The third reason for hope is the one that Leicester City’s decision-makers must embrace more than anything else: perhaps the most exciting collection of young footballers this club has ever had.

Leicester’s long-awaited first signing of the summer may have been a 38-year-old but the future of this football club lies with players half his age – and, in some cases, even younger than that. Because while there’s always room for a voice of experience, Leicester have proven with recent business that signing older players does not automatically guarantee any kind of stability. 

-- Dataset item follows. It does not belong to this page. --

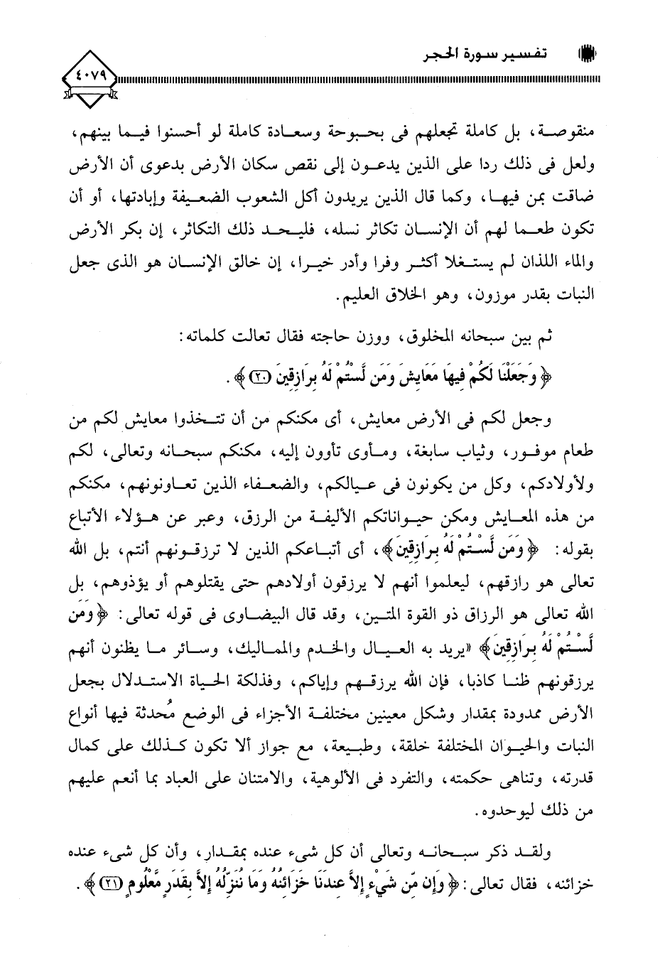 منقوصة، بل كاملة تجعلهم في بحبوحة وسعادة كاملة لو أحسنوا فيما بينهم، ولعل في ذلك ردا على الذين يدعون إلى نقص سكان الأرض بدعوى أن الأرض ضاقت بمن فيها، وكما قال الذين يريدون أكل الشعوب الضعيفة وإبادتها، أو أن تكون طعما لهم أن الإنسان تكاثر نسله، فليحد ذلك التكاثر، إن بكر الأرض والماء اللذان لم يستغلا أكثر وفرا وأدر خيرا، إن خالق الإنسان هو الذي جعل النبات بقدر موزون، وهو الخلاق العليم.

In fact, these days it mainly means that you have fewer players whose sales can make you the money to comply with the financial regulations. That was the true disaster of spending £7.5million on Jordan Ayew. Dead money for a dead club, heaping even more pressure on Mads Hermansen and Bilal El Khannouss to perform because otherwise there’s nobody anyone would want to buy.

Leicester have shown signs of realising this, fielding 15- and 16-year-olds in the Premier League to show the pathway, secure the contract and glimpse the future. Now both club and manager have to show they can push to new heights of bravery. They can do this by starting Ben Nelson and keeping faith with him as he learns the pressure of playing regularly for a club that’s expected to win, instead of picking senior centre-backs with no long-term future at the club. They can do it by recognising the almost unique abilities Will Alves possesses, pushing him to fulfil his undoubted potential in the shirt he wants to wear most of all. They can do it by including the likes of Olabade Aluko, Louis Page and Jake Evans as genuine squad members with important roles to play. 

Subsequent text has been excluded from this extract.